(Exercise aim): The material below has pictures in it. Set down only the lines from the line containing "現金9万ユーロを隠し持った中国の女 イタリア税関で半分没収 15年12月28日" through the line containing "Комплектация Сверло по", word for word, and leave the pictures behind.
※ ※ ※
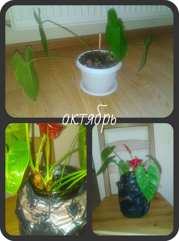 Спасибо)))У антуриума это сухие пятна — на этом стволе всего 3 листа осталось, не хочу голым оставлять... А так он весь зелененький) не заливаю — скорее наоборот недоливаюУ спатифилума корень длинный и не сгибается — я если в меньший горшок посажу то мне его не закопать будет(( не обрезать же корень
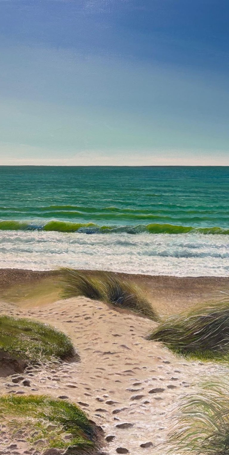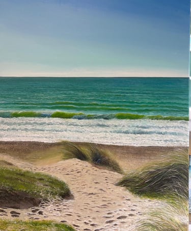Through layered brushwork and natural tones, the painting explores texture, light, and atmosphere, celebrating the understated beauty of this unique coastal environment.
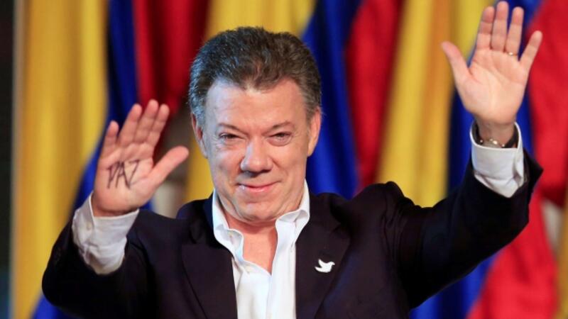 وفاز سانتوس الجمعة بجائزة نوبل للسلام للعام 2016 تكريما لجهوده في إنهاء خمسة عقود من الحرب في بلاده.
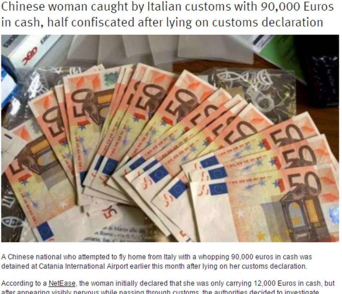 現金9万ユーロを隠し持った中国の女 イタリア税関で半分没収 15年12月28日 エキサイトニュース
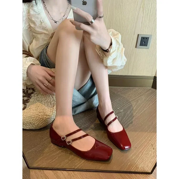 Designer Shoes Women's Flats Patent Leather Mary Janes Shoes Square Toe Double Buckle Red Low Heels Female Autumn Zaptos Mujer
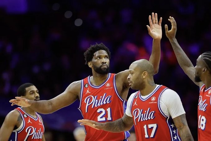 76人场均数据王:恩比德场均33.3分、恩比德场均9.9个篮板、哈登场均10.6次助攻;
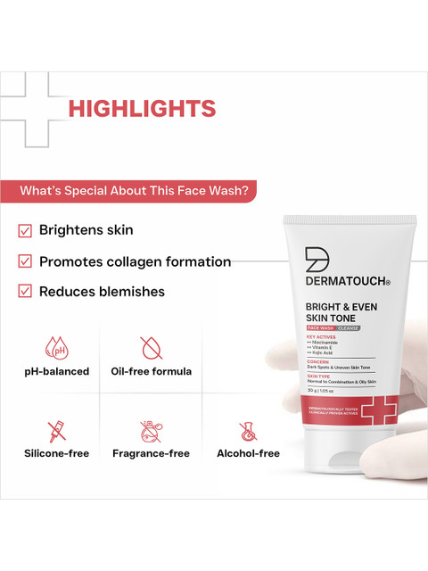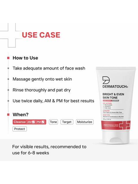 I have been using the Dermatouch Bright & Even Skin Tone face wash for a few weeks now, and I am really happy with the results. The texture is very lightweight and gentle on the skin. It cleans well without making my face feel dry or tight, which is perfect for daily use.
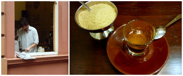 To say the staff are run off their feet is an understatement, but I’m in no hurry. Eventually a waitress rushes by and I order my macch. It doesn’t take long to arrive. It’s good, a bit on the frothy side but nice and short (you have the specify in Melbourne, otherwise you may end up with the feared long macch) and the vast old space is a nice change from the usual cramped coffee hole-in-the-wall I frequent.
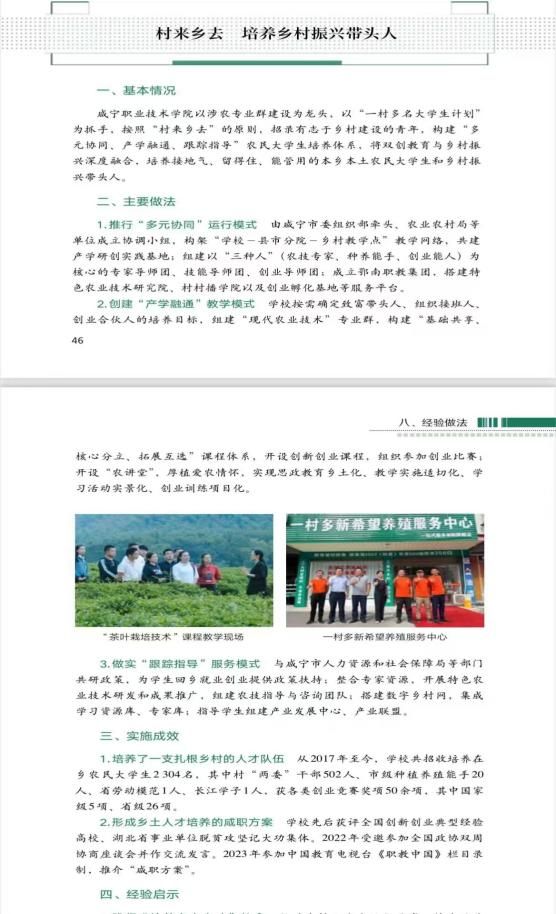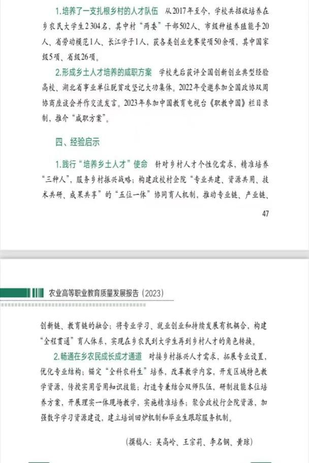 近日,2023年度《农业职业教育发展质量年报》正式发布,我校日韩国产精品(乡村振兴学院)报送的案例“村来乡去 培养乡村振兴带头人”成功入选典型案例。这一殊荣充分展现了我校在农业职业教育领域的教学创新与实践成果,标志着我校农业职业教育水平得到广泛认可。
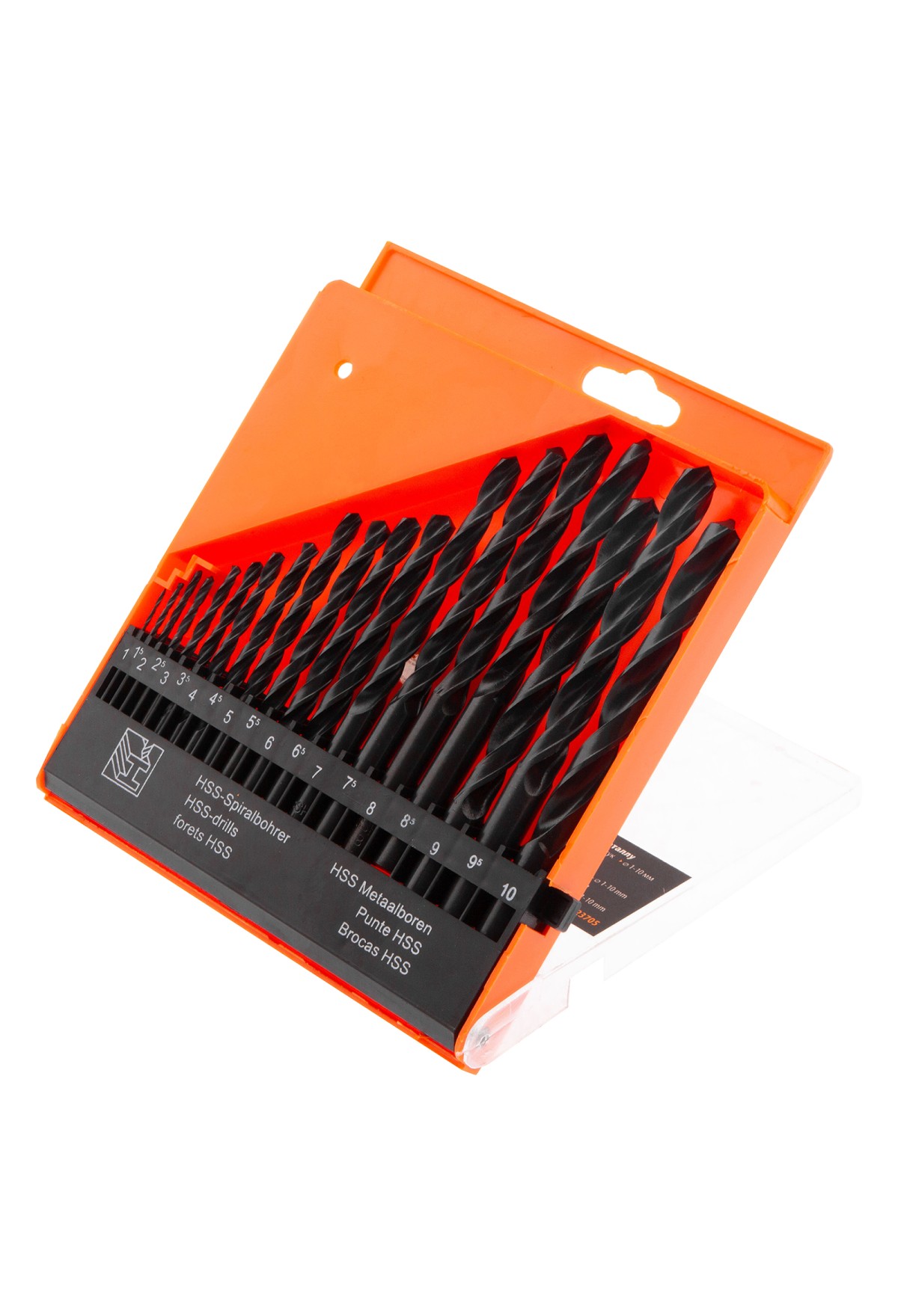 Комплектация Сверло по металлу 1, 1,5, 2, 2,5, 3, 3,5, 4, 4,5, 5, 5,5, 6, 6,5, 7, 7,5, 8, 8,5, 9, 9,5, 10 - 19 штПластиковый кейс - 1 шт
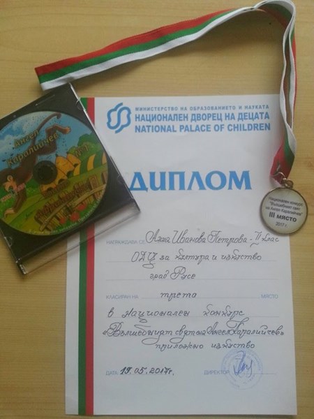 На провелия се X Национален конкурс за детска рисунка „Под дъгата на детството“ в гр. Сандански, Петя Димитрова бе класирана на първо място в първа възрастова група. Втора награда получи Виктория Генчева в раздел „Приложно изкуство“ от IX Национален конкурс „Мадарският конник – символ на историческото минало и европейското бъдеще на България“, гр. Шумен. През май 2017 г., на Анна Петрова бе присъдено трето място в раздел „Приложно изкуство“ от Национален конкурс „Вълшебният свят на Ангел Каралийчев“, гр. София. Поощрение получи Кристен Тодорова на 15 год. от XVII Международен пленер „Традиция, екология, творчество“, гр. Пловдив. През май, Етнографски музей на открито „Етър“ присъди диплом за най-масово участие на Школата по изобразително изкуства в Национален конкурс „Бостанско плашило“ в гр. Габрово.
※ ※ ※
(Completed exercise):
 現金9万ユーロを隠し持った中国の女 イタリア税関で半分没収 15年12月28日 エキサイトニュース
 Designer Shoes Women's Flats Patent Leather Mary Janes Shoes Square Toe Double Buckle Red Low Heels Female Autumn Zaptos Mujer
 76人场均数据王:恩比德场均33.3分、恩比德场均9.9个篮板、哈登场均10.6次助攻;
 I have been using the Dermatouch Bright & Even Skin Tone face wash for a few weeks now, and I am really happy with the results. The texture is very lightweight and gentle on the skin. It cleans well without making my face feel dry or tight, which is perfect for daily use.
 To say the staff are run off their feet is an understatement, but I’m in no hurry. Eventually a waitress rushes by and I order my macch. It doesn’t take long to arrive. It’s good, a bit on the frothy side but nice and short (you have the specify in Melbourne, otherwise you may end up with the feared long macch) and the vast old space is a nice change from the usual cramped coffee hole-in-the-wall I frequent.
 近日,2023年度《农业职业教育发展质量年报》正式发布,我校日韩国产精品(乡村振兴学院)报送的案例“村来乡去 培养乡村振兴带头人”成功入选典型案例。这一殊荣充分展现了我校在农业职业教育领域的教学创新与实践成果,标志着我校农业职业教育水平得到广泛认可。
 Комплектация Сверло по металлу 1, 1,5, 2, 2,5, 3, 3,5, 4, 4,5, 5, 5,5, 6, 6,5, 7, 7,5, 8, 8,5, 9, 9,5, 10 - 19 штПластиковый кейс - 1 шт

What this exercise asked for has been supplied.